Una corrección que vale la pena hacer desde el principio, porque cambia cuán en serio te tomas el dolor: el dolor muscular no es ácido láctico. El lactato se elimina del músculo en una hora o dos tras la sesión, mucho antes de que llegue el dolor. Y el dolor muscular tampoco mide qué tan bien funcionó la sesión, que es la otra cara de esta pregunta, tratada en por qué no tengo dolor muscular después de entrenar.
Entrenar con Dolor Muscular No Empeora el Daño
Esta es la parte que la gente entiende mal, y existe una prueba directa de ello. Nosaka y Clarkson (1995), publicando en Medicine and Science in Sports and Exercise, se propusieron específicamente probar si repetir ejercicio excéntrico antes de completar la recuperación empeoraría el daño. Doce hombres no entrenados hicieron tres series de 10 acciones excéntricas máximas de los flexores del codo con una mancuerna, luego repitieron la sesión idéntica 3 días después y de nuevo a los 6 días, mientras seguían doloridos y mediblemente más débiles.
Rastrearon la fuerza isométrica máxima, los ángulos de la articulación del codo, el dolor, la creatina quinasa plasmática, e imágenes de ultrasonido del brazo superior. La primera sesión movió todos los marcadores de forma significativa. La segunda y tercera sesiones no empeoraron el daño ni parecieron retrasar la velocidad de recuperación. La conclusión de los autores fue tajante: el ejercicio intenso realizado con músculos dañados no empeoró el daño ni afectó el proceso de reparación.
Dos advertencias mantienen esto honesto. Primero, los participantes eran hombres jóvenes no entrenados haciendo trabajo de un solo movimiento en el brazo, no levantadores haciendo sentadillas pesadas, así que esto es evidencia sobre daño muscular más que una luz verde para carga máxima en una articulación comprometida. Segundo, el rendimiento con dolor muscular es genuinamente peor: la producción de fuerza baja, el rango de movimiento se estrecha, y la técnica se degrada bajo fatiga. Nada empeora porque hayas entrenado. Mucho se vuelve más difícil.

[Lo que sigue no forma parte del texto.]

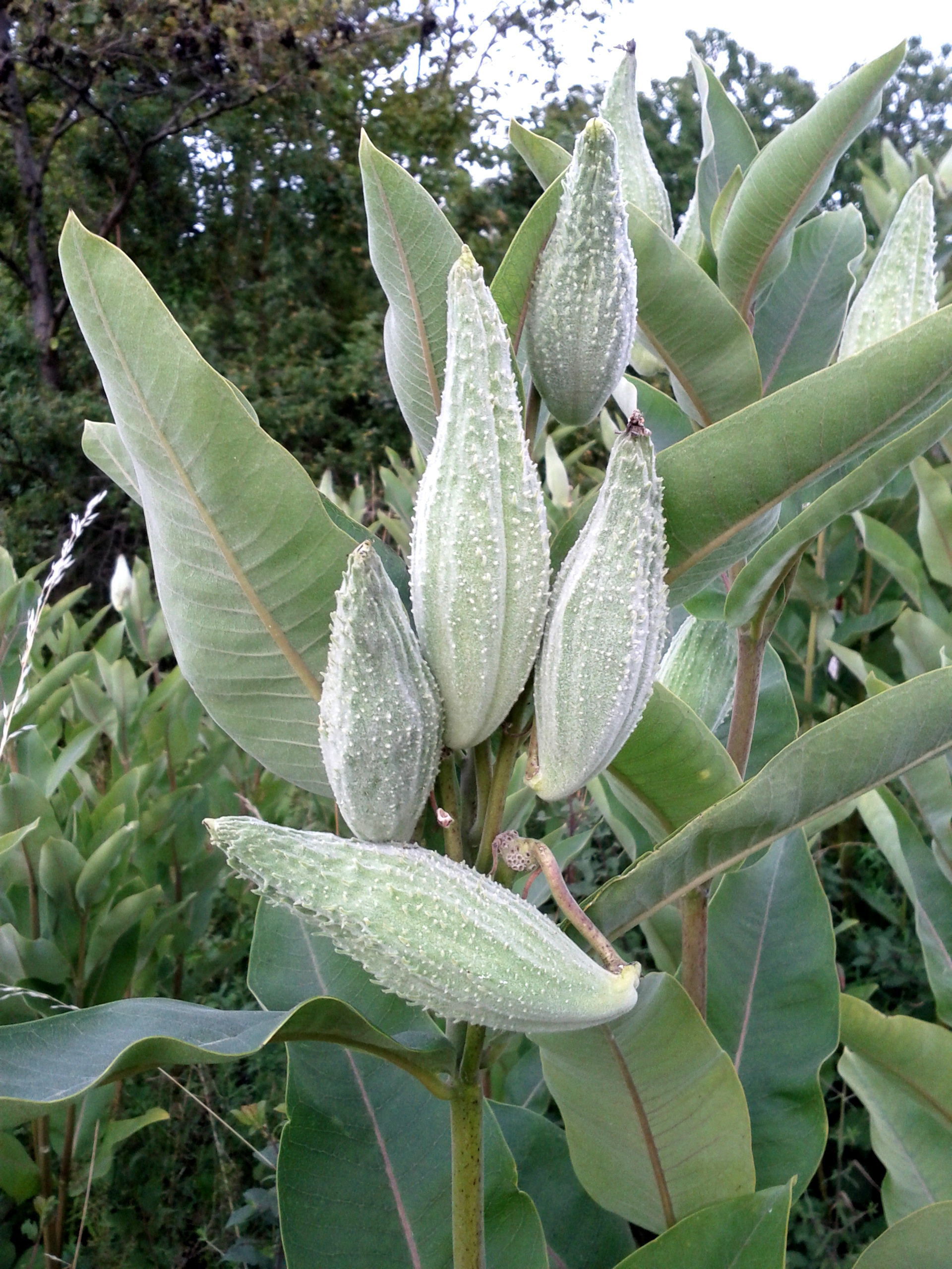 Infructescence Taxonym: Asclepias syriaca ss Fischer et al. EfÖLS 2008 ISBN 978-3-85474-187-9 Location: Marchfeldkanal, Vienna-Floridsdorf - ca. 160 m a.s.l. Habitat: meadows

Lo que eso significa en la práctica
- Cuádriceps doloridos en un día de pierna programado: entrena, pero baja la carga entre 10 y 20 por ciento y detén cada serie dos repeticiones más lejos del fallo. Normalmente el dolor se alivia después del calentamiento.
- Cuádriceps doloridos en un día de tren superior programado: entrena con normalidad. El músculo dolorido no está involucrado.
- Dolor generalizado, tres días dentro de un programa nuevo: eso es la primera semana. Haz una versión más corta de la sesión en lugar de saltártela, porque el efecto de sesión repetida significa que es la última semana que se sentirá así.
- Dolor muscular y el movimiento está limitado: ese es el único caso donde el grupo muscular genuinamente se toma el día libre.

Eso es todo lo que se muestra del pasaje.